The thing is, Limitless really wastes its premise by mostly ignoring all the consequences of being zapped from slightly above average to four-digit IQ. The intelligence thing is a total footnote. Instead, it’s kind of a standard drug movie. Bradley Cooper’s character has them, everyone else wants them, and he has to find a way out of this predicament. He doesn’t think his way out of it exactly, actually he doesn’t bother to think about how to solve his problems much at all. Like all smart people he just sort of goes with it (sarcasm indicated). The best the smartest man in the world can come up with is to hire a few bodyguards. Professor Moriarty this guy isn’t, though he does seem to know how to fight like Robert Downey Jr.’s Sherlock Holmes .

Limitless spends almost no time really delving into the massively raised IQ of Bradley Cooper, however it does use his increased brainpower as an excuse to engage in a sort of kinetic, visual trickery. Burger’s movie has a real eye for bright colors and strange warping effects which do more to keep you interested in what’s happening than in anything this story has going.

Not that there’s much of a story.
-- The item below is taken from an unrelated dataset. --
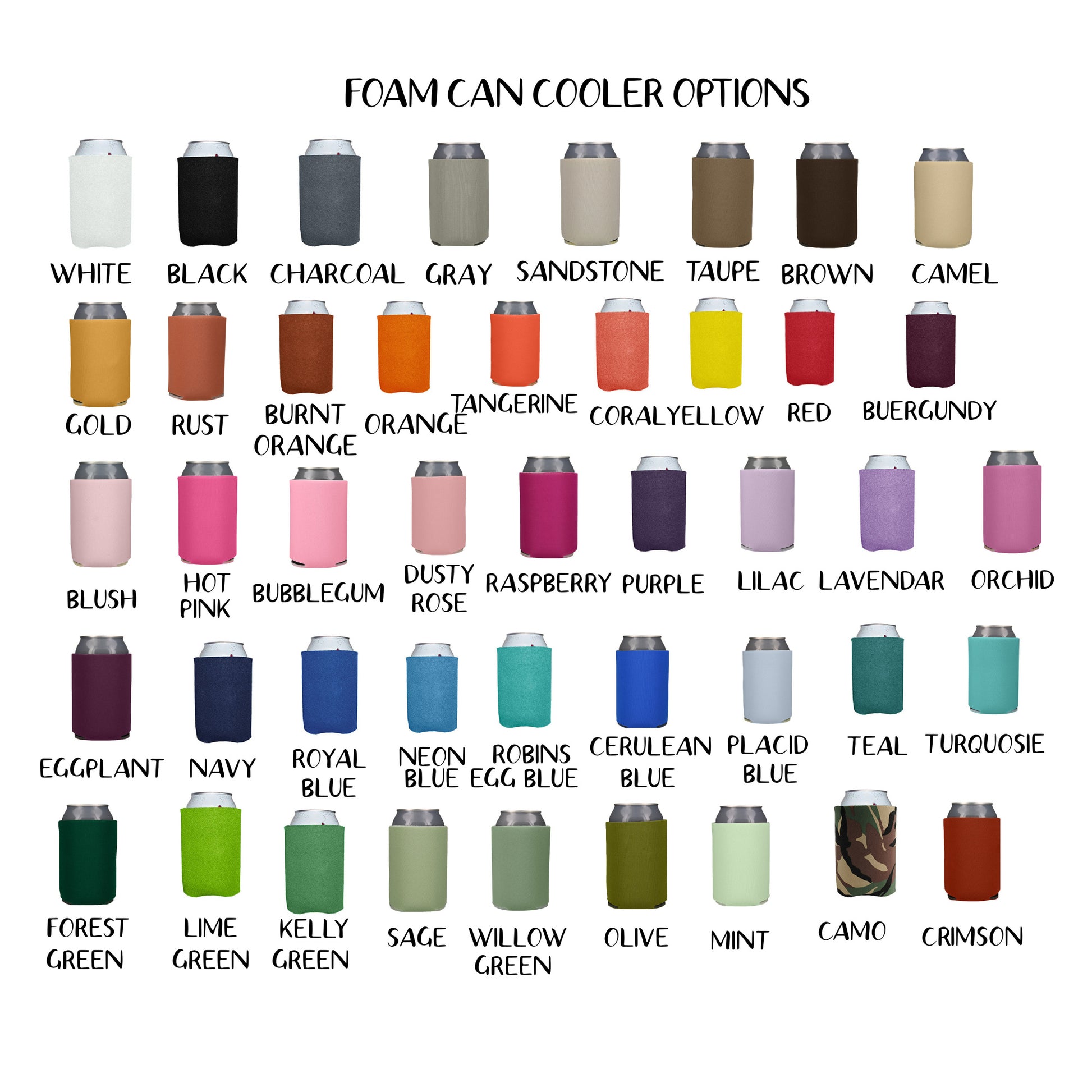 Can Cooler Color Options:  Black, White, Charcoal, Gray, Yellow, Orange, Coral, Red, Burgundy, Hot Pink, Pink Blush, Bubblegum, Tangerine, Fuschia, Raspberry, Purple, Lilac, Lavender, Orchid, Eggplant, Navy< Royal Blue, Neon Blue, Teal, Robins Eggs Blue, Placid Blue, Lime Green, Kelly Green, Sage, Olive, Mint, Camo, Sandstone, Taupe, Gold,
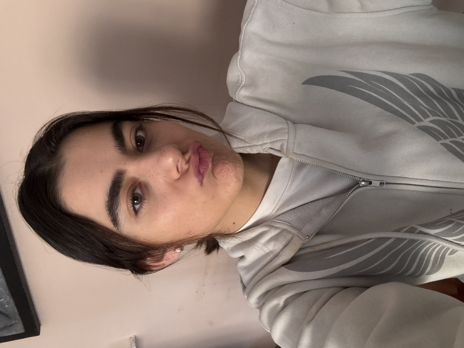 A young female, characterized by dark brown hair, prominent eyebrows, and brown eyes, poses for a selfie against a plain light-pink interior wall

Far too much of the film boils down to a series of disconnected viginettes which wouldn’t actually make any sense if Bradley Cooper wasn’t there to literally narrate every single second of the movie. I’m a big fan of voiceover narration, if you’re making film noir, but this isn’t Double Indemnity, it’s a drug movie. It’s a drug movie without a well-thought out story, so it cheats by having Bradley Cooper explain everything as it goes along.

In spite of all this, somehow I didn’t hate the time I spent with Limitless. Bradley Cooper remains a fascinating leading man. He’s easy to watch, even though let’s face it, he’s pretty much just playing Bradley Cooper. A lot of the credit for how watchable this throwaway film is, probably has to go to Burger, who makes those disconnected scenes feel as though they’re filled with a raw kind of energy, very like synapses firing in a brain pepped up on smart pills. Limitless isn’t smart, but it looks smart, and maybe that’s enough to get empty enjoyment out of it. It’s like watching The Fonz get free songs by punching a jukebox, and that never stops being fun.